The group say the agency needs partners in combatting public health misinformation, and industry, clinicians, patient advocates and academic leaders all have a role to play.
“Realistically, FDA needs help,” Mark McClellan, who served as FDA Commissioner from 2002-2004, said at the 2023 Innovations in Regulatory Science Summit sponsored by the UCSF-Stanford Center of Excellence in Regulatory Science and Innovation (CERSI).
On the FDA’s own website there are youth vaping prevention posters available to be used by various groups including doctors, schools, and state and local public health agencies. These claim, amongst other dangers, that “[n]icotine can rewire a teen’s brain to crave more nicotine and can create addiction,” despite there being no scientific basis for this claim.
While there is currently a lack of trust in officials from public health agencies, individuals still have trust in their own physicians, community leaders, and others who are “close to their experience,” McClellan said during a panel discussion among past and present FDA commissioners about how to counter the problem of misinformation and restore trust in the agency.
However, a 2021 study in the International Journal of Environmental Research and Public Health found that more than 75 percent of U.S. physicians believe that nicotine directly contributes to cancer and cardiovascular disease.
On the FDA’s website, the agency states, “while nicotine has a number of toxic effects on the body, it is not the primary cause of cancer and other chronic smoking-related diseases.

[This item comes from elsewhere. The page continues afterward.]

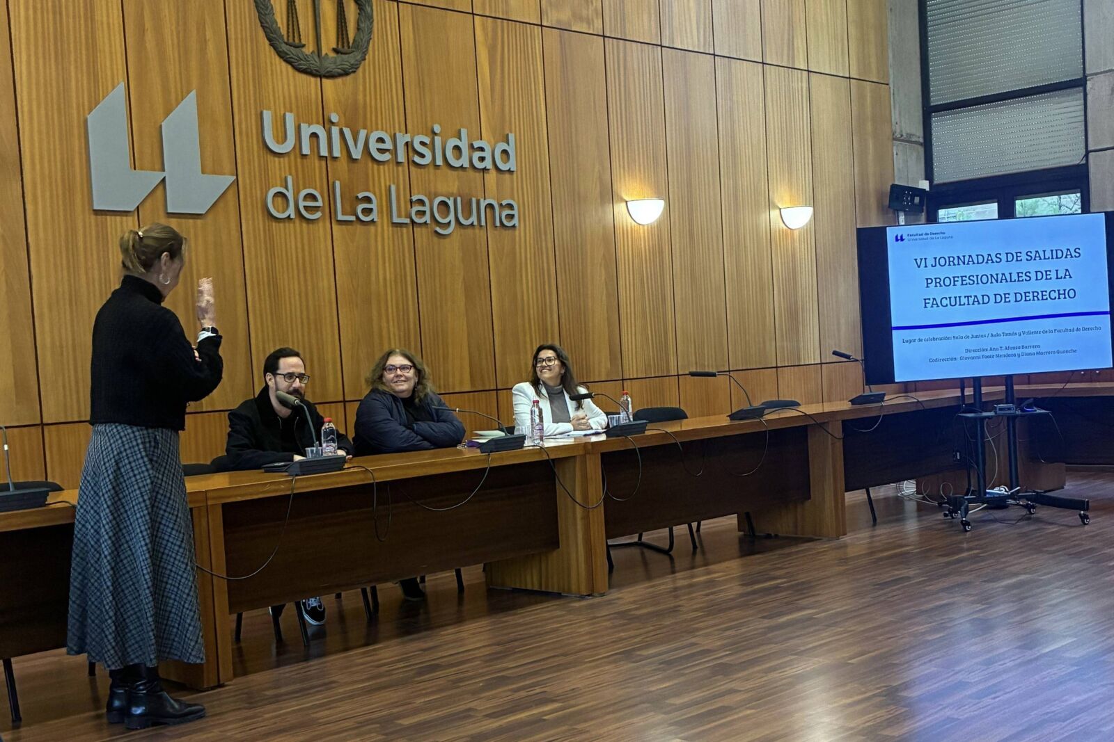 La Sala de Juntas de la Facultad de Derecho de la Universidad de La Laguna ha acogido la sexta edición de sus jornadas de salidas profesionales, que tuvieron lugar los pasados días 26 de marzo, así como el 7, 8 y 9 de abril del presente año, a través de cuatro sesiones diferenciadas en las que intervinieron profesionales vinculados a diversos ámbitos jurídicos.

More than 7,000 chemicals are present in cigarette smoke, including more than 70 that can cause cancer.”
Janet Woodcock, the agency’s Principal Deputy Commissioner who served as Acting Commissioner from 2021-2022, said patient advocates are trusted and often aligned with FDA’s mission but that their reach is often limited to the disease areas where they are focused, leaving prevention and treatment of common diseases as areas where misinformation can proliferate, according to an article from Regulatory Focus.
“I actually believe that misinformation is the leading cause of death right now in the U.S. because whether we’re looking at COVID or chronic disease, people are making bad choices driven by the information that they get,” said current FDA Commissioner Robert Califf, who also served in the role from 2016-2017. “We were just not prepared for what broad access to the Internet would do to communication channels.”
Califf called out the academic community for not doing more on the misinformation front and said some of their criticism of FDA and other public health agencies is having unintended consequences.
“As a public agency, we need to be critiqued, but I think often the people that are doing the critiquing assume that the agency’s going to be there in the future in the way that they expect it to be there,” Califf said. “So, they’re critiquing it to make it better. But to a lot of unsuspecting people that hear it, it just completely erodes their belief in the institution.”
In an FDA-funded study last year, researchers found that the use of electronic cigarettes costs the United States $15 billion annually in healthcare expenditures—more than $2,000 per person a year. The study, published on May 23 in Tobacco Control, was the first to look at the healthcare costs of e-cigarette use among adults aged 18 and older, according to researchers at the University of California San Francisco School of Nursing.
The study was found to be rife with misinformation after it claimed that healthcare expenditures for a person who uses e-cigarettes are $2,024 more per year than for a person who doesn’t use any tobacco products. Chuck Dinerstein, director of medicine at the American Council on Science and Health (ACSH), who has over 25 years of experience as a vascular surgeon, said that in order to get their data, researchers developed a model using the National Health Interview Survey (NHIS), a household survey of the general population in the U.S. that includes detailed questions on health and use of tobacco products.
“The researchers point to a study using NHIS data that per smoker—meaning combustible—attributable healthcare expenditures are $5,602,” explained Dinerstein. “The finding of this study, for both those exclusively using e-cigarettes and the dual users, is roughly a third as much. E-cigarettes reduce healthcare utilization and costs.”
Scott Gottlieb, who served as FDA Commissioner from 2017 to 2019, said rapid response to online misinformation is critical and floated the idea of giving industry more leeway to counter false or misleading information about products. It is currently illegal for any vaping product manufacturer to make health claims concerning e-cigarettes, including saying they are safer than combustible cigarettes.
While commissioner, Gottlieb championed e-cigarettes as a way to help adults stop smoking.
“We’ve seen FDA weigh in, admirably, around some dangerous disinformation on specific products,” he said. “But that can’t be the business of the FDA.”
Margaret Hamburg, who served as FDA Commissioner from 2009-2015, said that while some of the larger issues around misinformation are difficult to solve, FDA can take concrete steps to restore public confidence in its role. That boils down to showing why FDA matters, how the agency does its work and opening up some of the processes that have historically not been transparent, she said.
“Despite so much that is going on that is hard for FDA to control, the work of the agency and its trustworthiness can be demonstrated,” Hamburg said.
That transparency is especially important in areas where there is the most controversy, McClellan said.